Kommentar „Denglisch“
Wie wäre es mit einer zuckrigen Arbeitsprobe aus dem Textgenre Kommentar? Dann wird Ihnen diese Prüfungsleistung aus dem 5. Semester meines Journalistik-Studiums schmecken.
Die Aufgabe: Schreiben Sie ein Pro- oder Contra-Kommentar zum Thema „Denglisch“ (Denglisch = Der Mix von deutscher und englischer Sprache.)
Note: 1,0.
Nächste Haltestelle: Keine Ahnung!
Tür auf, Tür zu. Ich setze mich in die Bahn um von A nach B zu fahren. Neben mir sitzt ein blondes Mädchen mit Zahnspange. Leise nuschelt sie in ihr pinkes Mobil- Telefon: „Ey, das is’ doch die, wo immer ,als wie‘ sagt. Voll fake!“ Weitere Wortfetzen fliegen durch die Luft. „Ich hab nachher noch ein Date in der Back-Factory.“ Ich verschließe meine Ohren mit einem Keuschheitsgürtel. Mein Trommelfell soll von diesem Garbage verschont werden. Denglisch stößt bei mir auf taube Ohren. Denn Denglisch ist ein Terrorist.

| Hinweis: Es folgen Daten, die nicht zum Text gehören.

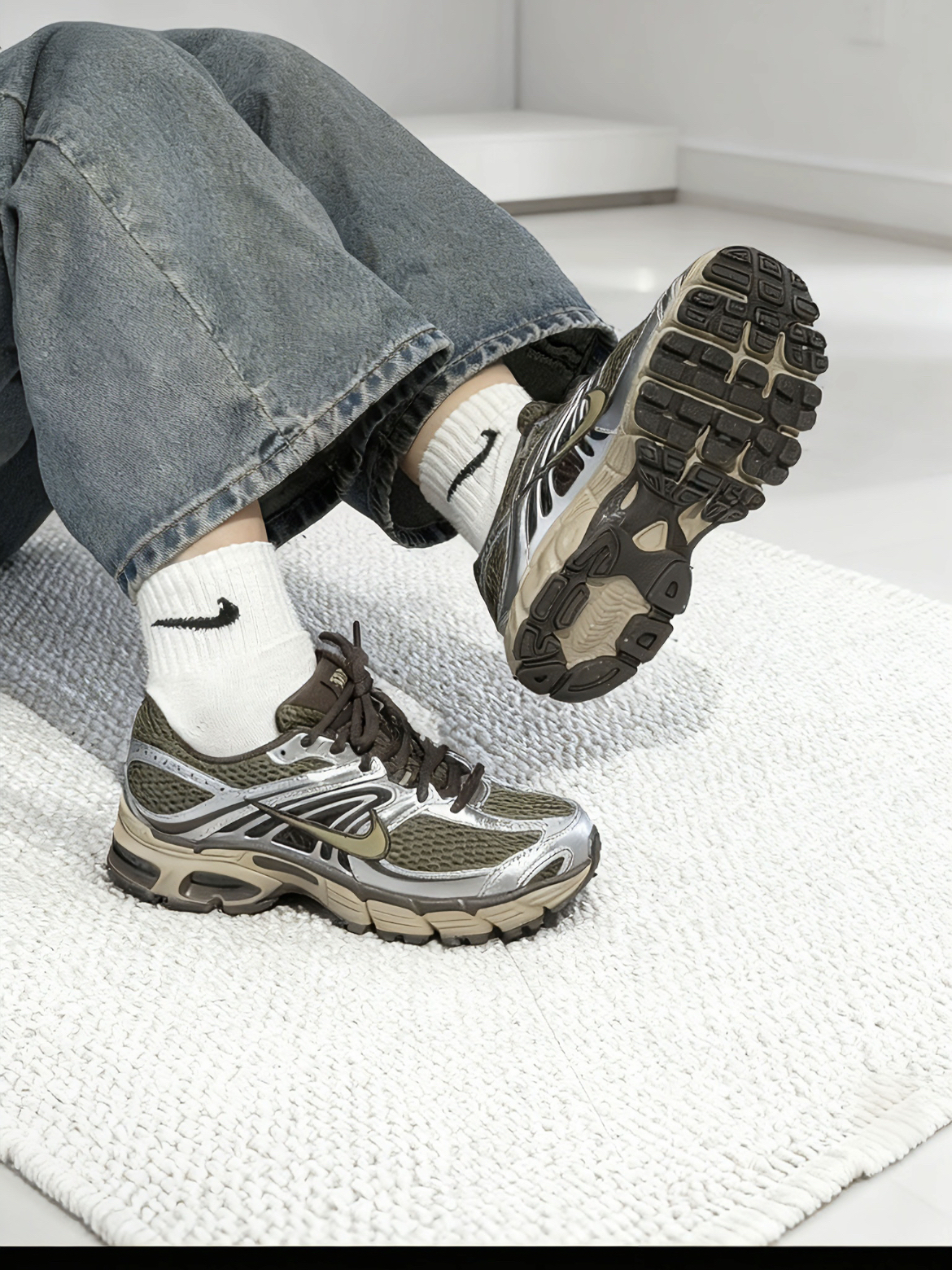 这双鞋的鞋面是几种材料拼起来的,看着层次感挺强的,像机甲那种块面感。配色是左右脚不太一样的“阴阳”设计,搭在一起确实挺特别的。 鞋帮包裹得挺贴脚踝,跑起来感觉蹬地有力。鞋底防滑纹路深,急停转身都很稳。

Doch statt blutiger Explosionen mischt es sich wie ein Virus langsam unter die Menschen und verbreitet seine Worte, als wären sie ansteckend.
Die deutsche Sprache verkommt, geht ein, wie eine sterben Blume, geht weinend vor die Hunde. Aus einer klaren Sprache wird eine unlernbare Mischung aus Worterbrochenem. In den Schulen lernen sie Englisch, während die meisten noch nicht einmal richtig Deutsch können. Deutsche Sprache, schwere Sprache? Von wegen. Aus jedem „Albtraum“ darf man bereits einen „Alptraum“ machen, „tschüss“ schreiben wie man will und Pizzen als Pizzas beschimpfen. Und trotzdem hinkt das Deutsch der Deutschen wie ein Pirat ohne Holzbein.
Während die einen zwischen Deutsch und Englisch schwanken, shoppen statt einkaufen gehen und in ihrem Real Life mit Lol, Rofl und I Like um sich werfen, ergänzen andere den Sprachsalat mit etwas Türkisch.
„Cüc lan, hast du die geseh’n? Was, du gehst Fitness? Nice, man.“
Das soll mal einer verstehen. Zu Weihnachten wünschen sich die Enkel Mp3-Player und Memory Cards um Gedownloadetes zu saven. Die Alten verstehen Bahnhof. Stehen am Gleis und warten auf den Zug, der sie nicht mitnimmt. Dabei sind doch alle mega happy und durchgestylt, kaufen Anti-Aging- Creme, arbeiten als Call-Center-Agents oder gehen ins Assessment-Center. Aber was soll man machen? Denglischinfiziert mit integrierten Freunden sieht man vor lauter Buchstaben die Sprache nicht.
Dabei ist Deutsch doch eigentlich handzahm und wortstark. Ihr einziges Manko: Sie verlangt Fleiß. Doch der ist begrenzt. Deshalb fordere ich Denkmalschutz. Für die deutsche Sprache. Jemand muss sie schützen, damit sie nicht irgendwann nur noch aus leblosen Füllwörtern besteht. Wie ein altes Gebäude steht das Gerüst, doch das Innere ist leer. Statt Deutsch abzureißen, fordere ich Neubefüllung.
Eine elektronische Stimme reißt mich aus meinen Gedanken: „Thank you for travelling with Deutsche Bahn.“ Stirnrunzeln. Die deutsche Sprache stirbt, doch ich bin bereit für sie zu fighten.